_The records:_
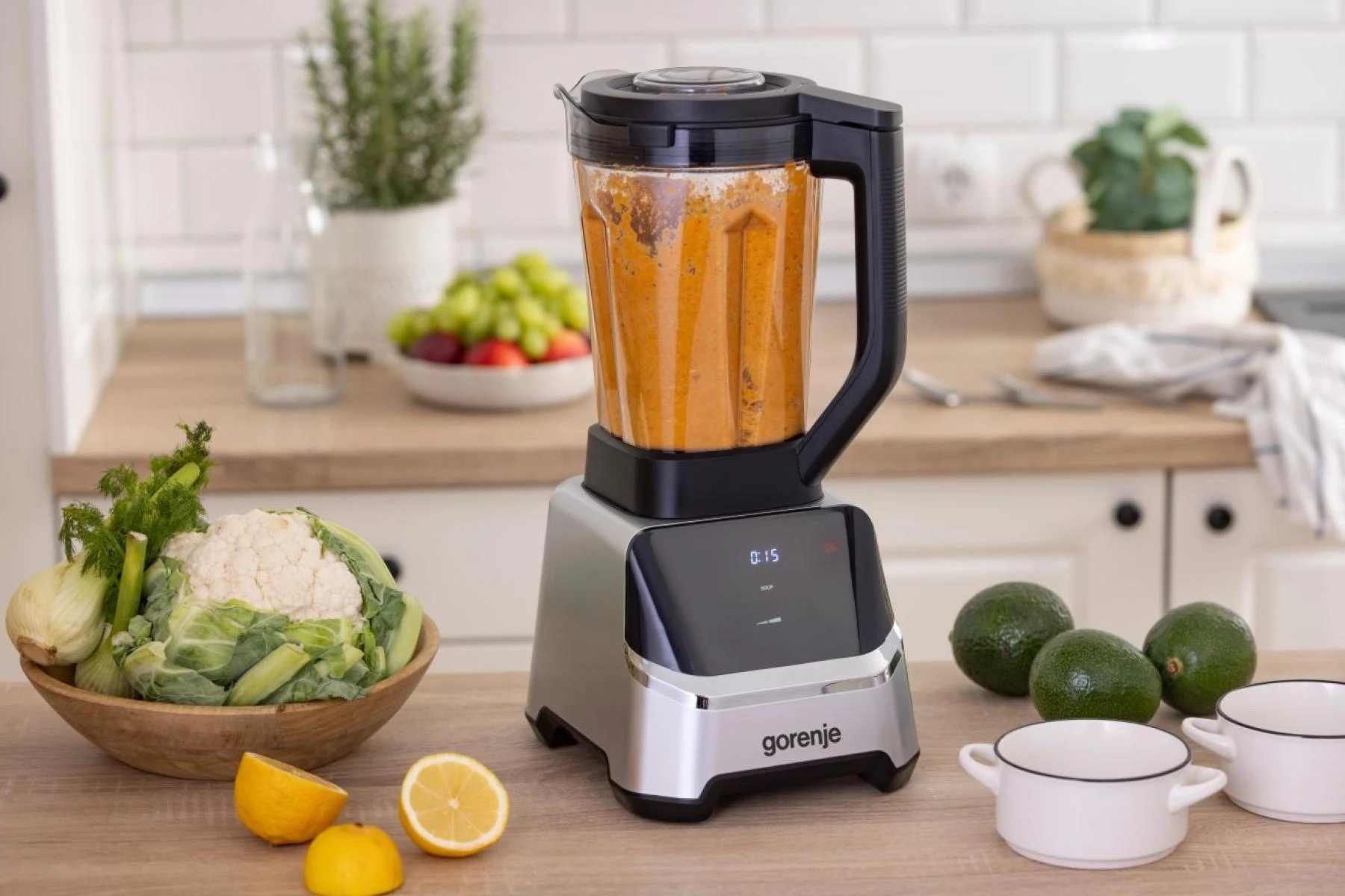 Gorenje BP1500DE — потужний стаціонарний блендер 1500 Вт із 2-літровою чашею з тритану та світлодіодним дисплеєм. Оснащений 6-лопасним ножем із нержавіючої сталі, він легко подрібнює лід, горіхи, овочі та готує смузі або пюре. Має 7 автоматичних програм, імпульсний режим і систему захисту від перегріву. Зручна конструкція спрощує очищення, а гумові ніжки забезпечують стійкість під час роботи.
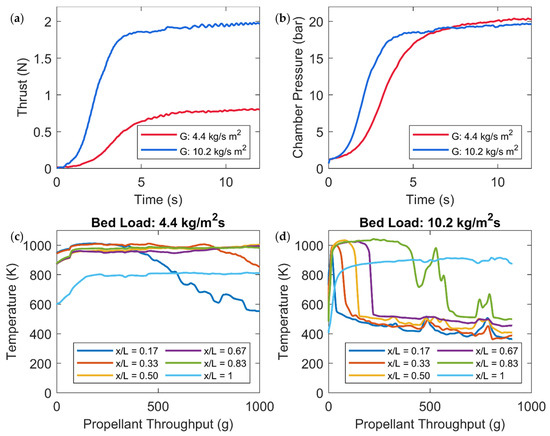 In bed load variation tests, two bed load values were evaluated by using injectors and nozzle throat diameters of varying sizes, as listed in Table 5. Temperature distribution within the chamber was monitored, allowing for an investigation into the decomposition rate at each corresponding bed load. This variation in bed load also affects the response characteristics of the thruster. To understand these effects, transient thrust and chamber pressure rise times were measured and analyzed. Each bed load test involved a total propellant throughput close to 1 kg.
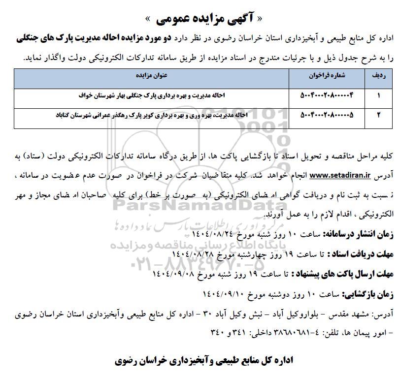 اداره کل منابع طبیعی و آبخیزداری استان خراسان رضوی در نظر دارد دو مورد مزایده احاله مدیریت پارک های جنگلی را به شرح جدول ذیل و با جرئیات مندرج در اسنادمزایده از طریق سامانه تدارکات الکترونیکی دولت واگذار نماید.
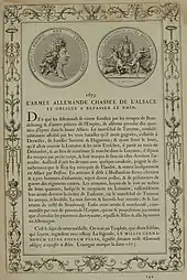 Les Impériaux sont contraints de battre en retraite et de repasser le Rhin. Louis XIV donne de nouveau à Turenne le commandement de la campagne de 1675, où il se trouve de nouveau face à Montecuccoli. Pendant deux mois, tous deux déploient leurs dons de manœuvriers. Lors de la bataille de Salzbach, enfin Turenne est sur le point d’amener son adversaire sur les positions qu’il juge souhaitables pour une bataille décisive, lorsqu'il est tué par un boulet de canon le . Raimondo Montecuccoli se serait alors écrié : « Il est mort aujourd'hui un homme qui faisait honneur à l'Homme ! ». Selon les mémorialistes du temps, la France entière le pleure, et le peuple rassemblé sur les routes honore « le bon Monsieur de Turenne » lors du passage du convoi funèbre vers Paris[13]. Son oraison funèbre fut prononcée par Fléchier en l'église Saint-Eustache[14].
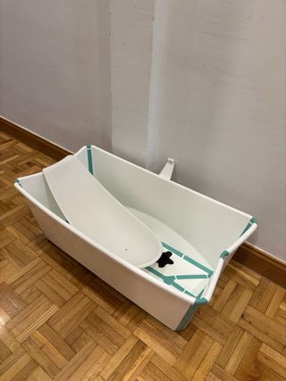 Bañera para bebé Stokke, en buen estado. Es plegable para facilitar su almacenamiento. - Marca: Stokke - Plegable - Color blanco - Tamaño grande Se regala otra mas pequeña, SIN TAPON Y CON UNA PEQUEÑA FISURA EN EL BORDE pero perfectamente funcional.
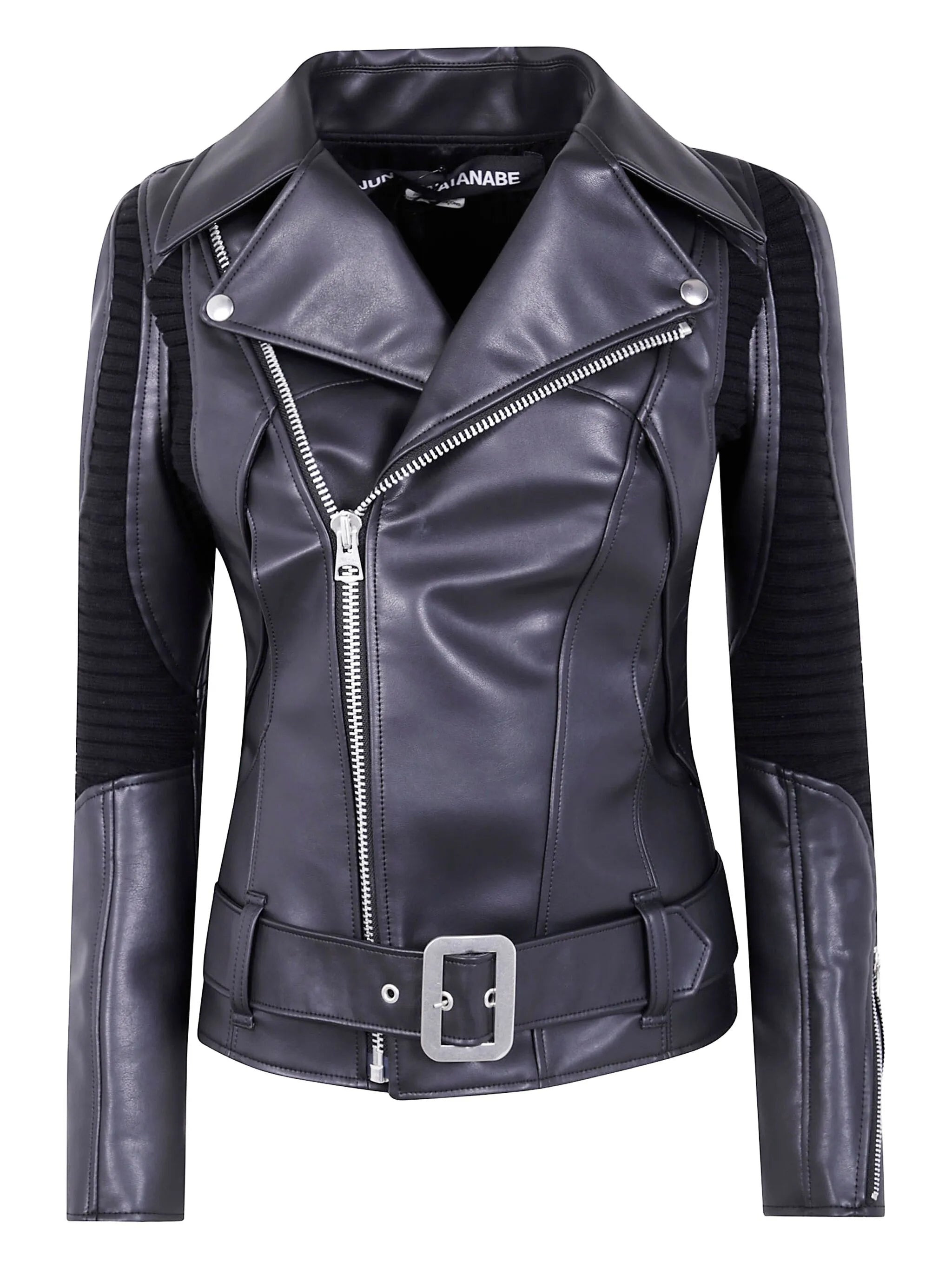 black zip fastening belted waist buckle waist ribbed knit panel long sleeves - Color: BLACK - Made in: Japan - Designer Style ID: JP-J007 BLACK Composition and care Polyester: 100.0%, Polyurethane: 100.0%

_Your goal:_ All of the material above should be reproduced exactly, except the pictures.

_Final answer:_
 Gorenje BP1500DE — потужний стаціонарний блендер 1500 Вт із 2-літровою чашею з тритану та світлодіодним дисплеєм. Оснащений 6-лопасним ножем із нержавіючої сталі, він легко подрібнює лід, горіхи, овочі та готує смузі або пюре. Має 7 автоматичних програм, імпульсний режим і систему захисту від перегріву. Зручна конструкція спрощує очищення, а гумові ніжки забезпечують стійкість під час роботи.
 In bed load variation tests, two bed load values were evaluated by using injectors and nozzle throat diameters of varying sizes, as listed in Table 5. Temperature distribution within the chamber was monitored, allowing for an investigation into the decomposition rate at each corresponding bed load. This variation in bed load also affects the response characteristics of the thruster. To understand these effects, transient thrust and chamber pressure rise times were measured and analyzed. Each bed load test involved a total propellant throughput close to 1 kg.
 اداره کل منابع طبیعی و آبخیزداری استان خراسان رضوی در نظر دارد دو مورد مزایده احاله مدیریت پارک های جنگلی را به شرح جدول ذیل و با جرئیات مندرج در اسنادمزایده از طریق سامانه تدارکات الکترونیکی دولت واگذار نماید.
 Les Impériaux sont contraints de battre en retraite et de repasser le Rhin. Louis XIV donne de nouveau à Turenne le commandement de la campagne de 1675, où il se trouve de nouveau face à Montecuccoli. Pendant deux mois, tous deux déploient leurs dons de manœuvriers. Lors de la bataille de Salzbach, enfin Turenne est sur le point d’amener son adversaire sur les positions qu’il juge souhaitables pour une bataille décisive, lorsqu'il est tué par un boulet de canon le . Raimondo Montecuccoli se serait alors écrié : « Il est mort aujourd'hui un homme qui faisait honneur à l'Homme ! ». Selon les mémorialistes du temps, la France entière le pleure, et le peuple rassemblé sur les routes honore « le bon Monsieur de Turenne » lors du passage du convoi funèbre vers Paris[13]. Son oraison funèbre fut prononcée par Fléchier en l'église Saint-Eustache[14].
 Bañera para bebé Stokke, en buen estado. Es plegable para facilitar su almacenamiento. - Marca: Stokke - Plegable - Color blanco - Tamaño grande Se regala otra mas pequeña, SIN TAPON Y CON UNA PEQUEÑA FISURA EN EL BORDE pero perfectamente funcional.
 black zip fastening belted waist buckle waist ribbed knit panel long sleeves - Color: BLACK - Made in: Japan - Designer Style ID: JP-J007 BLACK Composition and care Polyester: 100.0%, Polyurethane: 100.0%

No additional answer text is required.